What is Nondestructive Evaluation (NDE)?
Laboratory Purpose
Laboratory Description
Recent Accomplishments and Contributions
Forensic Investigation and Technical Assistance
Other Accomplishments
Laboratory Capabilities
Laboratory Services
Laboratory Equipment

What is Nondestructive Evaluation (NDE)?

NDE is a means of analyzing and assessing the condition of various structural components of inservice highway infrastructure assets—pavement, bridges, and tunnels—without impairing their future usefulness.

Laboratory Purpose

The mission of the Federal Highway Administration (FHWA) NDE Laboratory is to conduct state-of-the-art research, development, and implementation of nondestructive testing systems and technologies to improve the Nation’s highway infrastructure assets. Since its establishment in 1998, the NDE Laboratory has been maintained as an open resource for the FHWA, State departments of transportation (DOTs), industry, and academia. The NDE Laboratory fulfills the need for unbiased expertise to evaluate emerging NDE technologies, as well as data analysis, fusion, and interpretation.

Laboratory Description

The NDE Laboratory is a world-class facility for the development and testing of NDE technologies. FHWA has recently renovated and upgraded the NDE Laboratory with state-of-the-art NDE tools to address the growing needs of FHWA and other stakeholders.

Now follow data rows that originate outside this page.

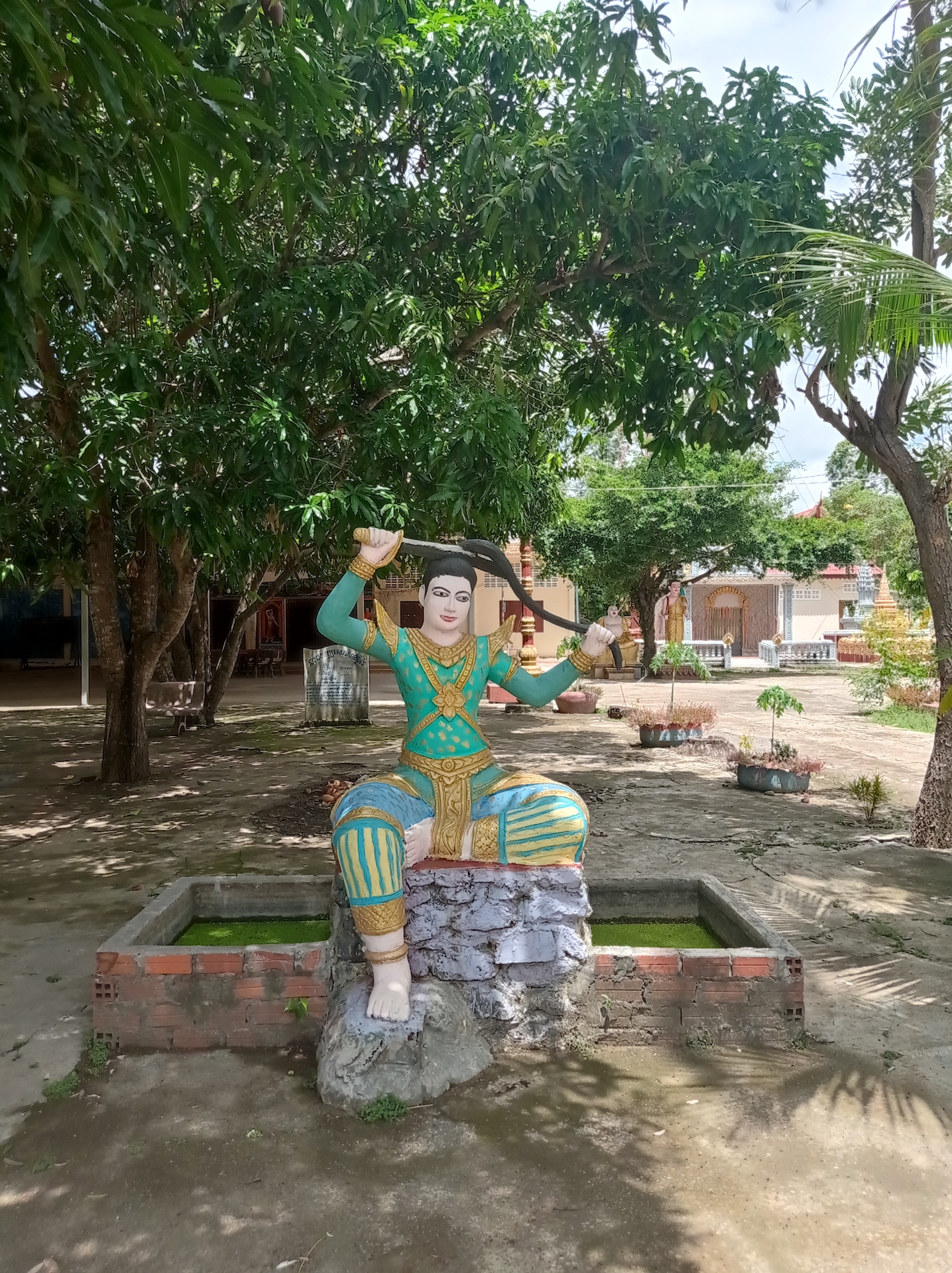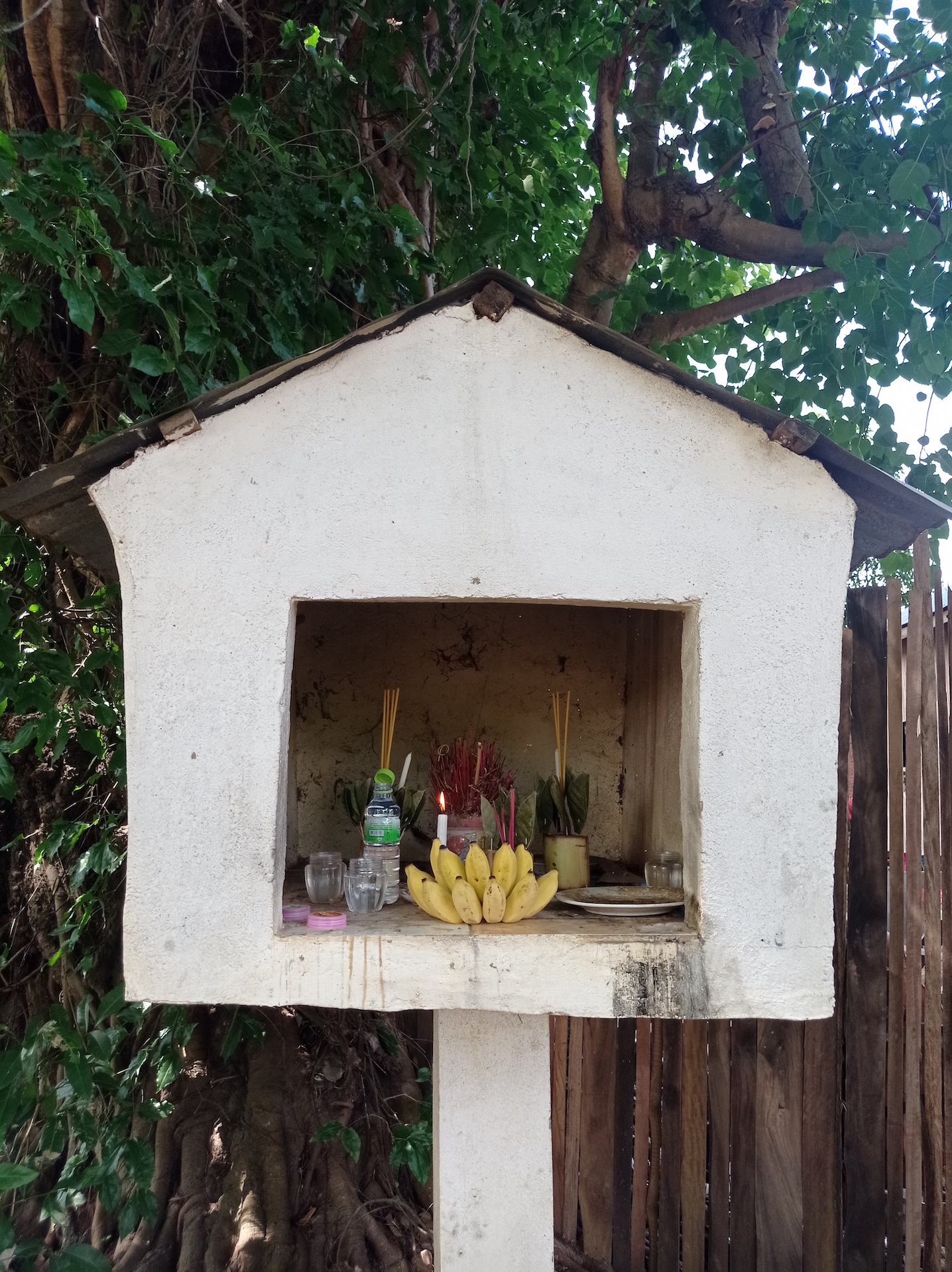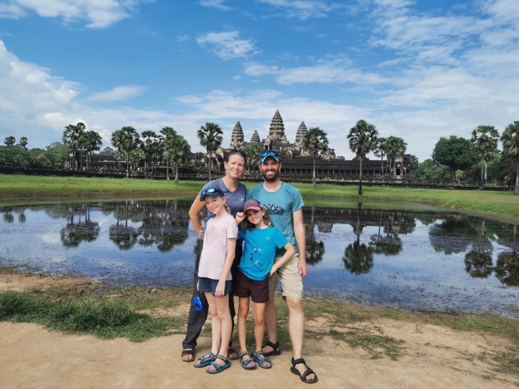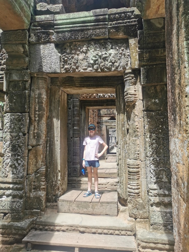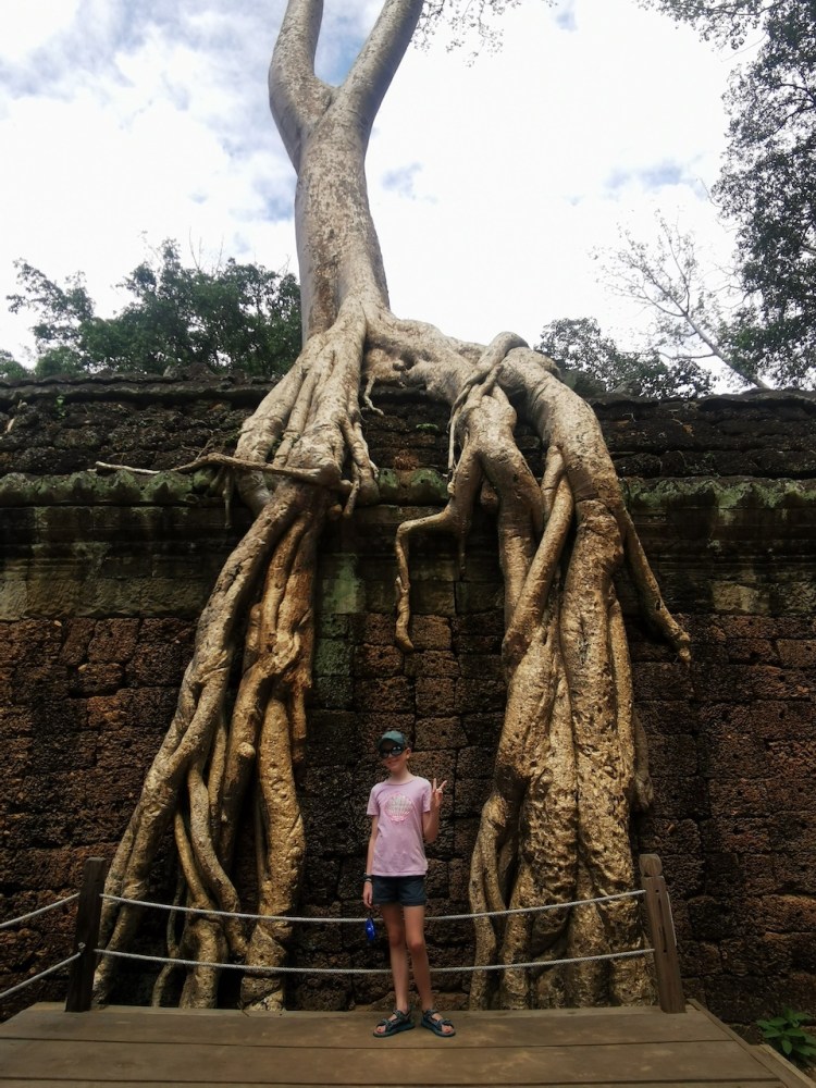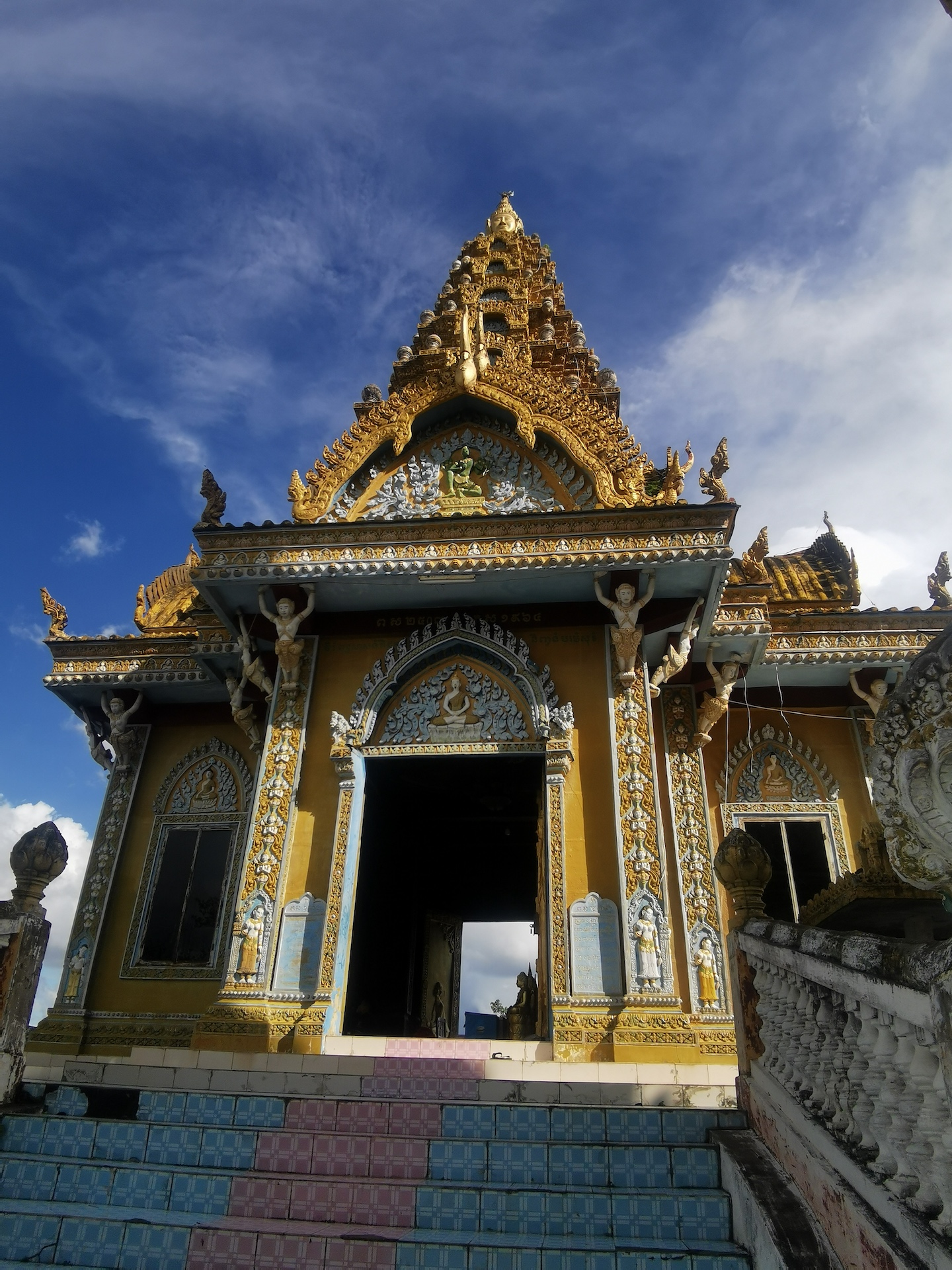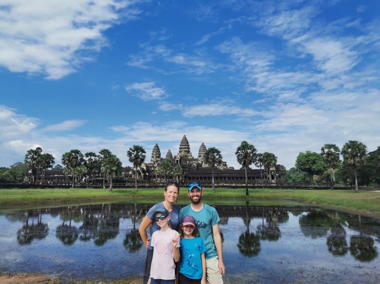 Une fois la dégustation terminée, notre hôte nous propose de partir à la découverte de l’île et quoi de mieux pour le faire qu’à vélo? Il s’éclipse rapidement chez des voisins afin de nous dégoter des vélos adaptés aux filles et nous partons tous les quatre sur la seule route de l’île. Une petite boucle de 9km environ nous attend, le tout à plat (heureusement vu l’âge de nos vélos…). Notre rythme est très tranquille, c’est un rythme de découverte et d’admiration des lieux. Nous n’hésitons pas à nous arrêter afin d’observer les gens dans les champs, les quelques temples ou encore une partie de volley (sport très apprécié car nous avons vu un peu partout au Cambodge des personnes s’y adonner en fin de journée). Nous peinons à trouver l’arbre aux chauves-souris géantes dont nous a parlé Virek… Raté, cette fois nous n’en verrons pas, car nous n’arrivons pas à trouver ce satané arbre 🤦🤦🏼♀️ ! Partis avec nos maillots de bain, nous renonçons cependant à nous baigner, les eaux brunes du Mékong ne nous attirant que très peu 🙃.
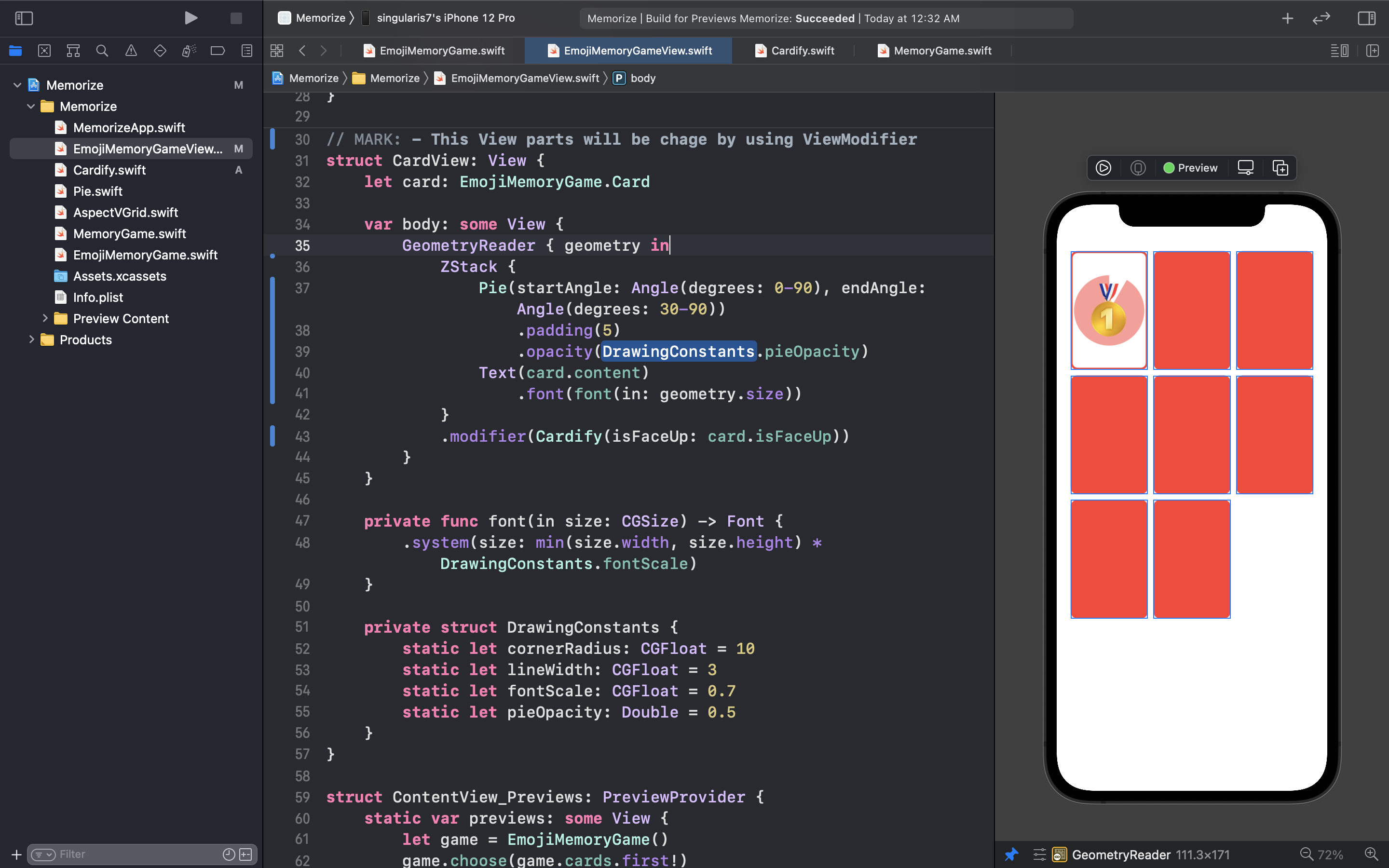 이전 코드와 비교해보면 cardify의 contentfh 어느 코드가 들어가야 할지 한눈에 찾아볼 수 있다! 두줄의 코드를 ZStack Combiner를 통해 결합하여 content로 넣어주면 문제가 손쉽게 해결될 수 있을 것이다.
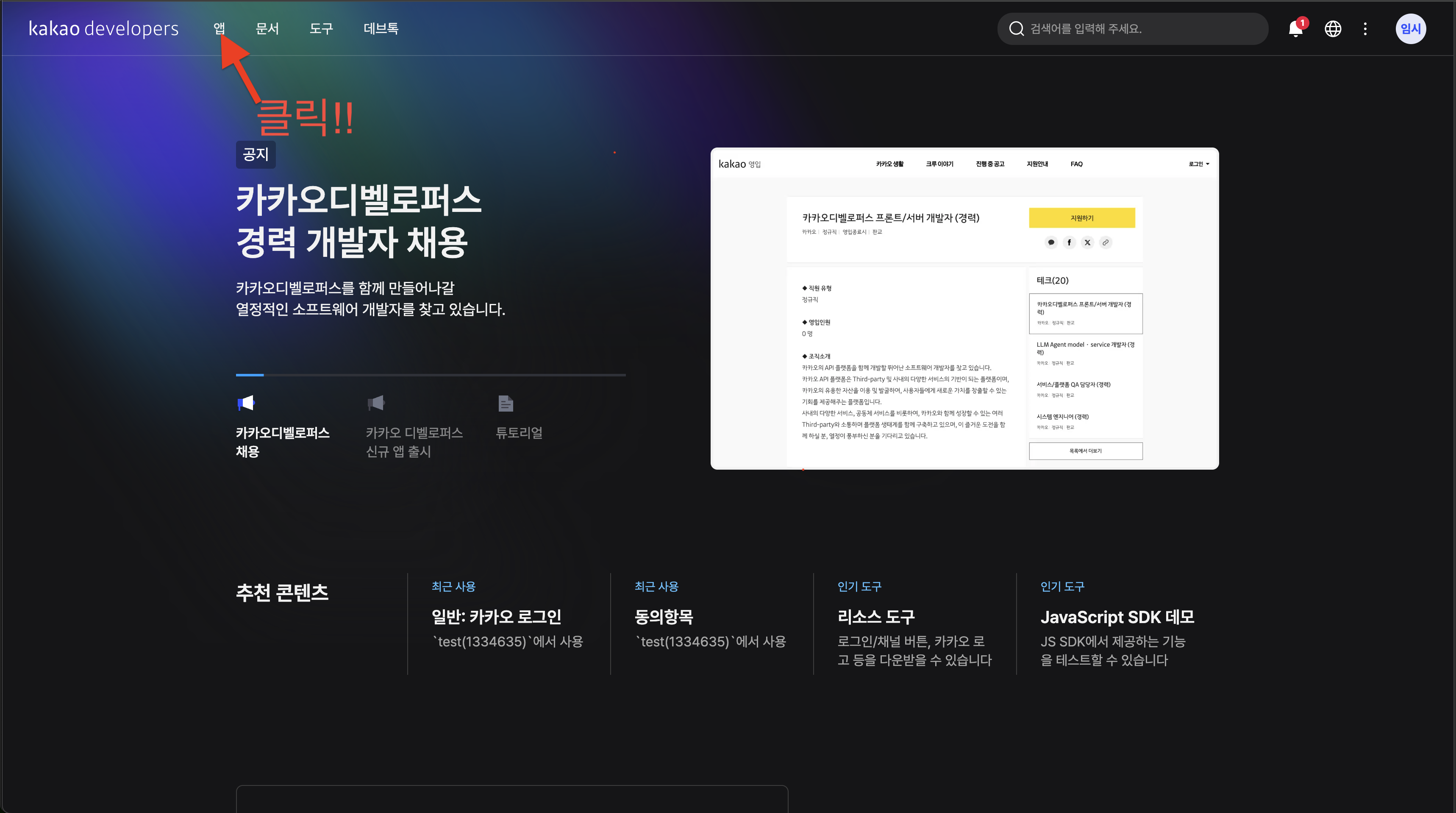 - 메인페이지에서 앱을 클릭
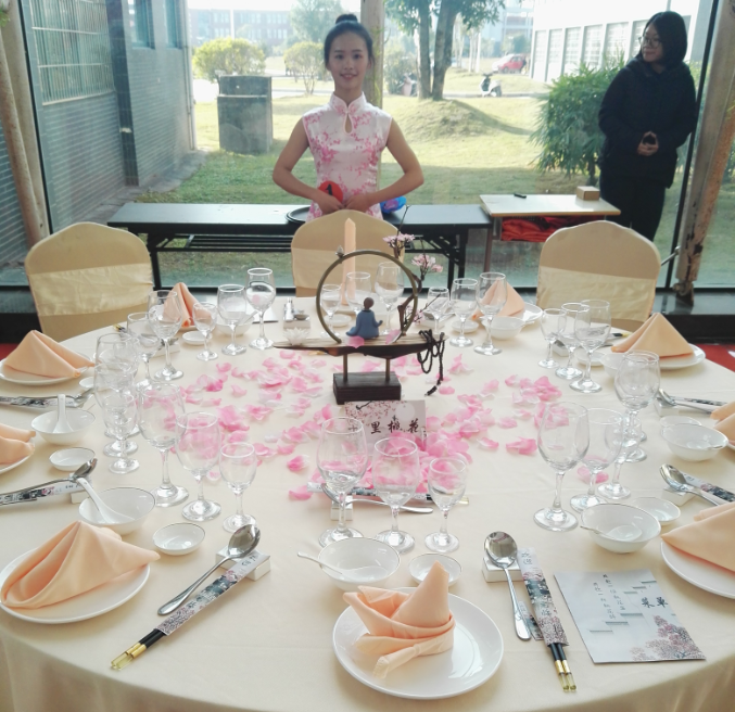 大赛内容包括中餐宴会摆台、中式铺床、英语口语等项目,以中餐摆台人员的礼仪展示秀和Hip hop舞蹈拉开序幕。选手们分组依次进行了技能比拼,他们仪态优雅美观,动作娴熟敏捷,将职业素养和自身气质展现得淋漓尽致。林平同学以“十里桃花”为主题的创意设计获得中餐摆台项目一等奖,其设计的台面营造了梦中仙境之感,给客人留下纯真、温馨的感觉。胡碎燕同学的开夜床设计主题为“剪彩为人,传承经典”,以中国剪纸与多彩糖果结合,象征甜蜜美满,寓意吉祥喜庆,获得中式铺床项目一等奖。

Figure 1. Image. Artist’s rendition of the NDE Laboratory.
Figure 1. Image. Artist’s rendition of the NDE Laboratory.

The primary laboratory facility is a 9.4- by 8-meter facility (figures 1 and 2) with new equipment and tools, including a KUKA robotic arm (KR 10 R1100 sixx) with a payload of 10 kg to handle test specimens, NDE equipment such as a phased array ultrasonic testing system for steel component inspection, and ground penetrating radar for concrete inspection.

Figure 2. Photograph. The NDE Laboratory.
Figure 2. Photograph. The NDE Laboratory.

Recent Accomplishments and Contributions

FHWA Publications

  • Development of Phased-Array Ultrasonic Testing Acceptability Criteria (Phase II), Publication Number: FHWA-HRT-14-075, Date: October 2014.
  • Development of Phased-Array Ultrasonic Testing Acceptability Criteria (Phase I), Publication Number: FHWA-HRT-14-074, Date: October 2014.

Journal and Conference Papers

  • “Performance of Concrete Bridge Decks of Similar Construction and Environment but different traffic loads”. Transportation and Research Record, Vol. 2550, pp. 22–30. 2016.
  • “Characterization of Deterioration Progression in Concrete Bridge Decks from Periodical Multi NDE Technology Surveys”. The International Symposium Non-Destructive Testing in Civil Engineering (conference paper), September 2015.
  • “Concrete Bridge Deck Deterioration and Its Detection and Characterization Using a Fully Autonomous Robotic Platform”. The International Symposium Non-Destructive Testing in Civil Engineering (conference paper), September 2015.
  • Evaluation of Phased-Array Ultrasonics on Butt Welds Using Proposed AWS D1.5 Annex, Advanced Ultrasonic Examination, Transportation and Research Board. 2014.
  • "Development of Phased-Array Ultrasonic Testing in lieu of Radiography for Testing Complete Joint Penetration (CJP) welds" Proceeding SPIE. 9063, Nondestructive Characterization for Composite. Materials, Aerospace Engineering, Civil Infrastructure, and Homeland Security. April 2014.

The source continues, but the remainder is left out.